Actual Kaplan-Meier and model-predicted survival estimates for risk scores quintiles of the entire UNOS population of 25,772 patients are shown in Figure 2. Observed survival rates were identical to model-predicted estimates for the second and fourth quintiles, as well as for the first, third, and fifth quintiles. In addition to survival estimates, the model was also validated using the c-statistic. The value of the c-statistic was 0.69, 0.68, and 0.67 at 3 months, 6 months, and 1 year after transplantation, respectively.

graphic file with name 8FF2.jpg — Figure 2. Observed (broken line) and model-predicted (nonbroken lines) survival estimates of liver transplant recipients by mortality risk quintiles. (A) Second and fourth quintiles. (B) First, third, and fifth quintiles.

Survival of HCV and Non-HCV Recipients

To determine whether the model accurately predicted the risk of death in HCV patients, the model-predicted relative risk of death was compared between HCV-positive and non-HCV recipients in the UNOS dataset for each variable included in the model.
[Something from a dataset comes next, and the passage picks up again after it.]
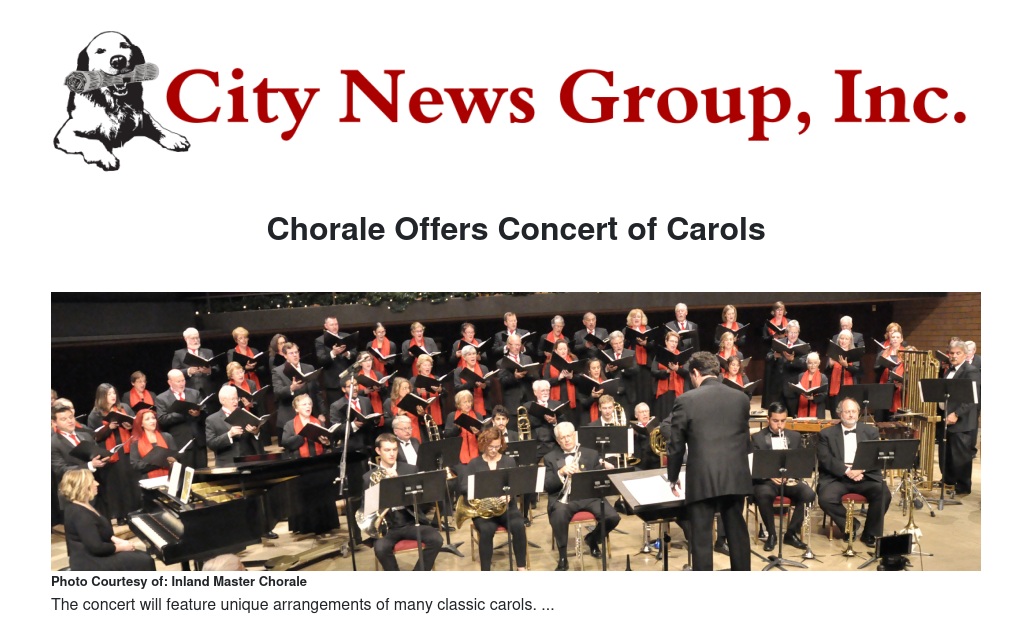 The Inland Master Chorale presents “Caroling, Caroling” on Sunday, December 19 at 4 pm at the University of Redlands Memorial Chapel, 1200 E. Colton Avenue, Redlands.

As shown in Table 4, only the donor age variable exhibited a difference between HCV and non-HCV recipients. All other variables imposed a similar relative risk of death to HCV or non-HCV patients. Additionally, Kaplan-Meier survival estimates demonstrated that the model-predicted survival estimates were identical to observed actuarial survival rates both in HCV-positive and non-HCV recipients in the UNOS dataset (Fig. 3). Further, as shown in Figure 4, the model accurately predicted survival rates of HCV recipients in UCLA patients.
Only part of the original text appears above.